Thermodynamic Anomalies of Liquid Water

Density anomaly

The density anomaly is one of the oldest known water phenomena. Water expands when cooled below 277 K at ambient pressure, unlike other simple liquids that expand when heated. Ice floats on water because of this anomaly, and fish can survive in warm seas beneath a covering of ice at temperatures much below 0 degrees Celsius. As the pressure is increased, the temperature of maximum density, TM D, drops until it disappears the above 200 MPa. The density of anomaly is found in the (T, P) plane, just below the locus of TM D. Computer simulations of various water models find the TM D in the same way that experiments do. Recent investigations on water contained in nanopores have revealed that the supercooled liquid exhibits a phase transition below 210 K.

Dynamics and thermodynamics of water

kB is the Boltzmann constant, while S is the entropy. Since any thermal fluctuation should reduce as temperature decreases, one would anticipate CP to behave similarly. In the case of water, however, it rises dramatically as the temperature falls below around 330 K. At 228 K, CP appears to diverge as a power-law.

Diffusion anomaly

When simple liquids are pressurised, their dynamics slow down. Instead, as the pressure is increased, the dynamics of water become faster, reaching a maximum at a constant temperature. The density anomaly in the (T,P) plane is included in the dynamic anomaly's region. The experimental results are recovered using computer simulations of several water models. They show that when P decreases, the diffusion constant D lowers until it reaches a minimum value at a negative pressure below which normal behaviour returns. The breakdown of hydrogen bonds is responsible for the unusual rise in diffusion when pressurised. As the pressure rises, more hydrogen bonds are disrupted, allowing water molecules to disperse freely from their neighbours and thereby increasing diffusion.

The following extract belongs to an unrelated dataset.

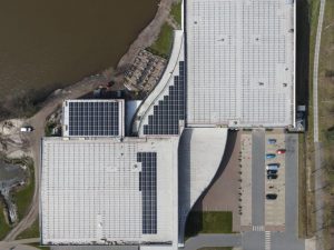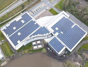 Het dak van Fun en Entertainment Center Sevenum is voorzien van een zonnesysteem met een totaal vermogen van 883.500 Wp. De 1904 zonnepanelen van Jinko Solar en omvormers van SMA zijn geïnstalleerd met behulp van Esdec’s FlatFix Wave Plus

Non-arrhenius to arrhenius dynamic crossover at low temperatures

Liquids with Arrhenius(or activated) behaviour have relaxation times that are an exponential function of 1/T, whereas those with non-Arrhenius behaviour have relaxation times that are a different function of 1/T. If the viscosity is used to characterise the dynamics instead of the relaxation time of some specific degree of freedom, then the variation of viscosity as an exponential function of 1/T is called "strong" behaviour, while a different function of 1/T is called "fragile" behaviour.